**HOW TO COMPLETE THIS TASK:** The answer should be every line below, repeated exactly, with the images left out.

Records drawn from a dataset:
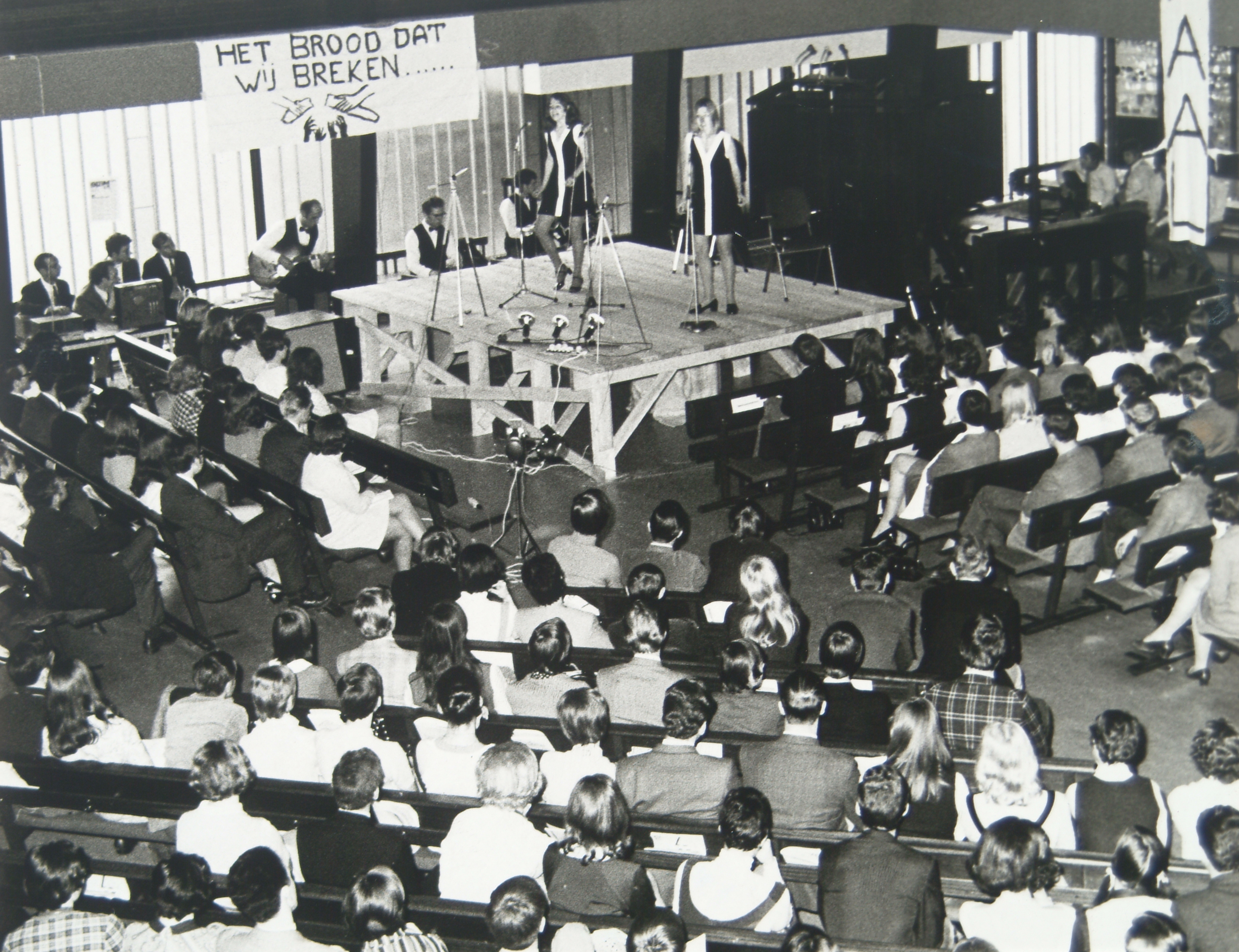 Optreden van cabaretgroep Impuls in de gereformeerde kerk te Zwijndrecht
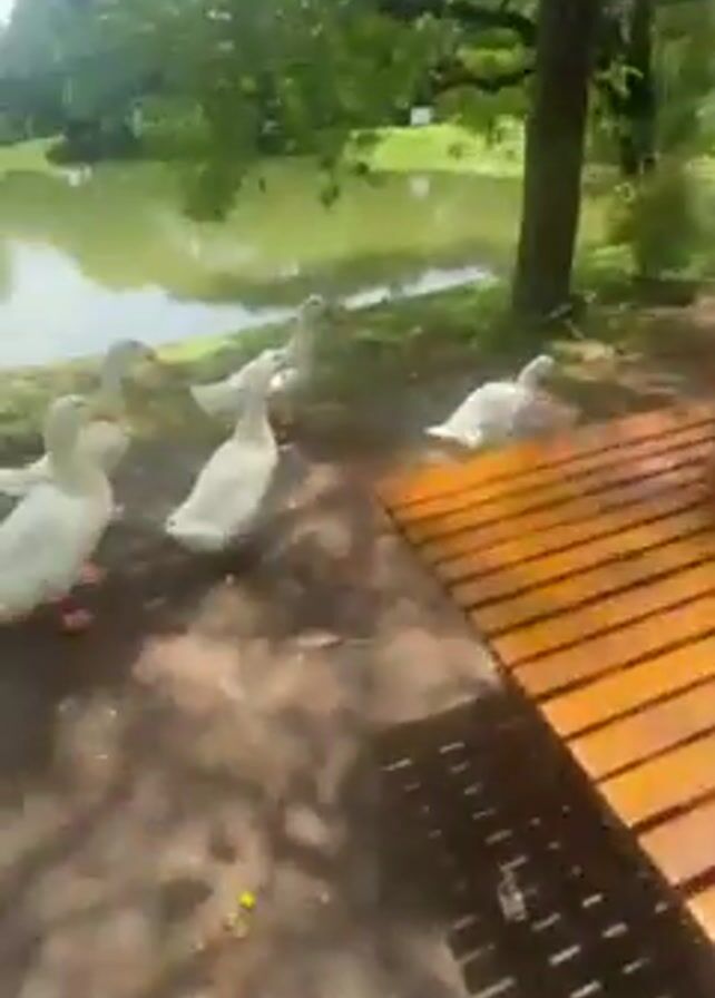 person sitting outdoors in what appears to be a park, with a pond visible. A flock of white ducks approaches, moving around tables and chairs where people are sitting. The ducks appear to be moving freely among the people, who seem unbothered by their presence. The setting is sunny and shaded by trees.
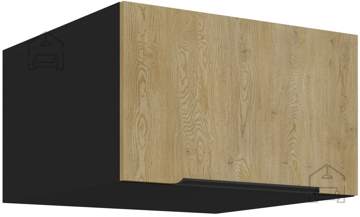 Die Küchenzusammenstellung Cremona zeichnet sich durch Material aus 16 mm starker laminierten Platte aus, was Langlebigkeit und eine lange Lebensdauer gewährleistet. Die Fronten in der Farbe Cremona-Eiche verleihen einen Hauch von natürlichem Charme, während der Korpus in Schwarz für eine raffinierte und moderne Ästhetik sorgt. Diese Farbkombination bringt ein warmes Gefühl in jedes Zuhause.
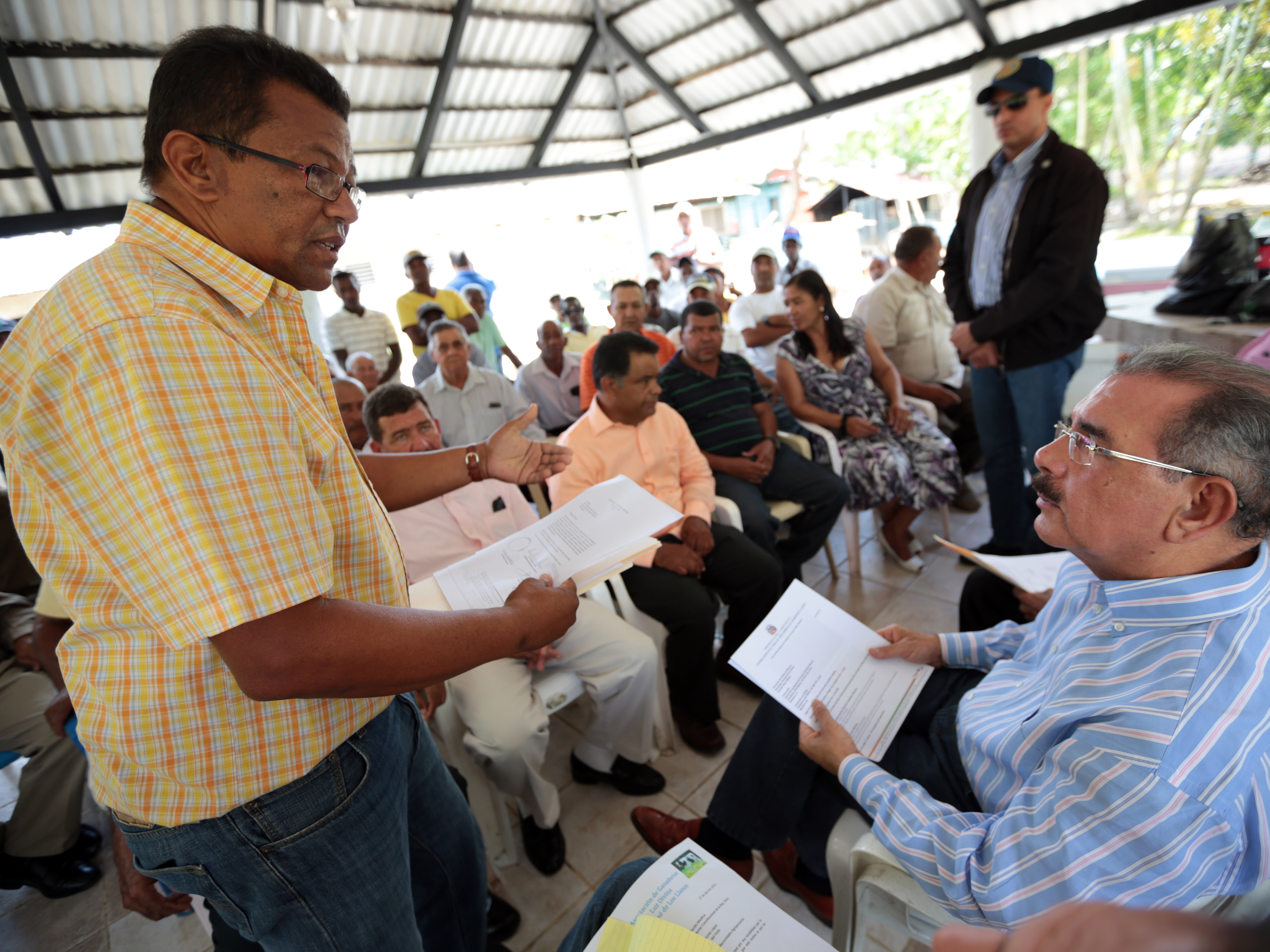 El presidente de la República, Danilo Medina, escucha a uno de los dirigentes de una de las tres asociaciones de productores agropecuarios de Los Llanos, San Pedro de Macorís, quien explica la situación y dificultades que tienen para desarrollar su producción.
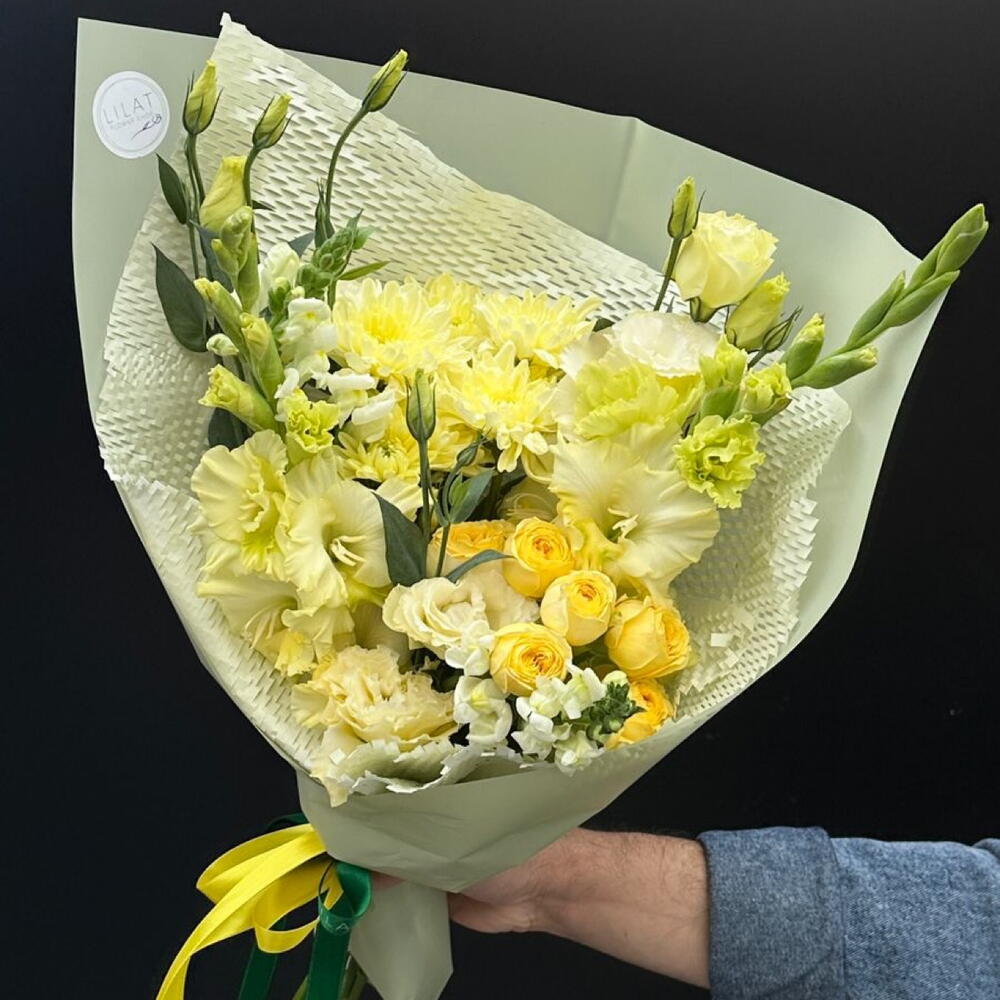 Лизиантус – 3 шт. Кустовая роза – 3 шт. Хризантема кустовая – 3 шт. Гладиолус – 3 шт. Упаковка дизайнерская – 3 шт. Открыточка с вашими пожеланиями – 1 шт.
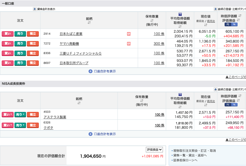 日本株は高配当株をメインに個別株へ投資しています
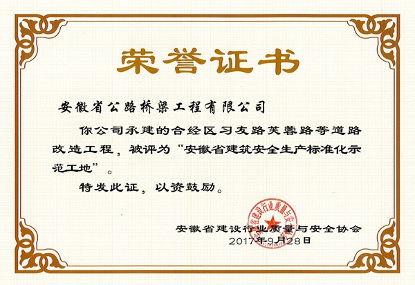 這是公司自去年開全省市政路橋工程先河,一次性獲得五個省級安全標準化示范工地后,再次獲得這一榮譽。
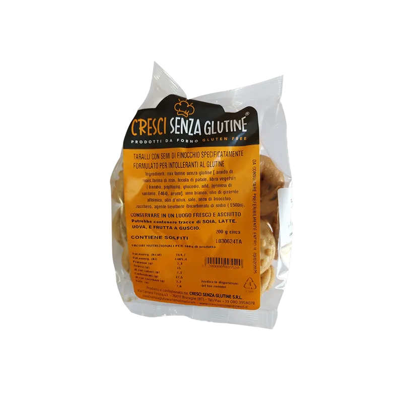 Taralli pugliesi senza glutine e senza lattosio. Tutto il gusto della tradizione pugliese, in un prodotto sano e genuino.
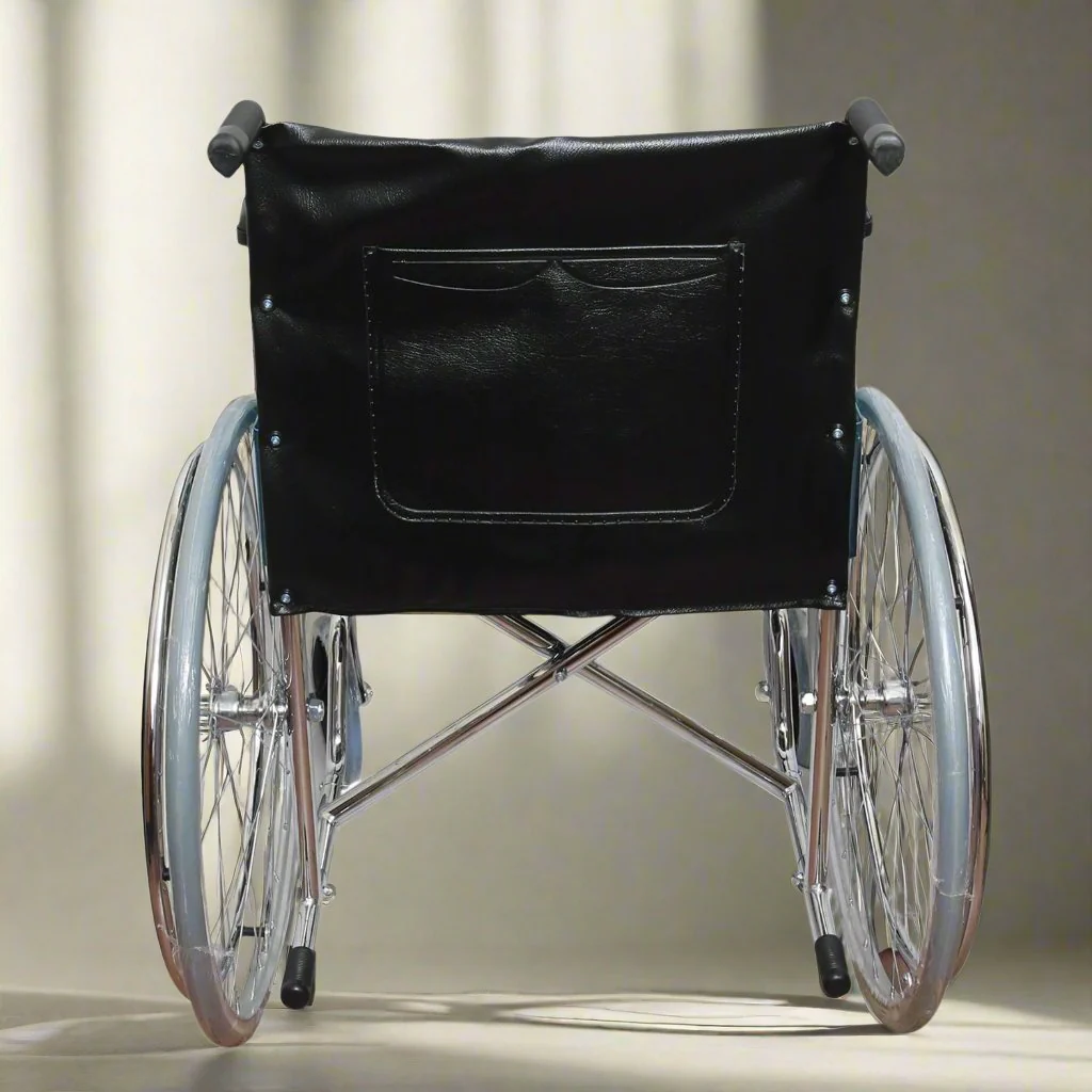 Manual operation: The wheelchair is self-propelled, with spoke rear wheels (23″ or 24″ inches) for the user to push.

**RESPONSE:**
 Optreden van cabaretgroep Impuls in de gereformeerde kerk te Zwijndrecht
 person sitting outdoors in what appears to be a park, with a pond visible. A flock of white ducks approaches, moving around tables and chairs where people are sitting. The ducks appear to be moving freely among the people, who seem unbothered by their presence. The setting is sunny and shaded by trees.
 Die Küchenzusammenstellung Cremona zeichnet sich durch Material aus 16 mm starker laminierten Platte aus, was Langlebigkeit und eine lange Lebensdauer gewährleistet. Die Fronten in der Farbe Cremona-Eiche verleihen einen Hauch von natürlichem Charme, während der Korpus in Schwarz für eine raffinierte und moderne Ästhetik sorgt. Diese Farbkombination bringt ein warmes Gefühl in jedes Zuhause.
 El presidente de la República, Danilo Medina, escucha a uno de los dirigentes de una de las tres asociaciones de productores agropecuarios de Los Llanos, San Pedro de Macorís, quien explica la situación y dificultades que tienen para desarrollar su producción.
 Лизиантус – 3 шт. Кустовая роза – 3 шт. Хризантема кустовая – 3 шт. Гладиолус – 3 шт. Упаковка дизайнерская – 3 шт. Открыточка с вашими пожеланиями – 1 шт.
 日本株は高配当株をメインに個別株へ投資しています
 這是公司自去年開全省市政路橋工程先河,一次性獲得五個省級安全標準化示范工地后,再次獲得這一榮譽。
 Taralli pugliesi senza glutine e senza lattosio. Tutto il gusto della tradizione pugliese, in un prodotto sano e genuino.
 Manual operation: The wheelchair is self-propelled, with spoke rear wheels (23″ or 24″ inches) for the user to push.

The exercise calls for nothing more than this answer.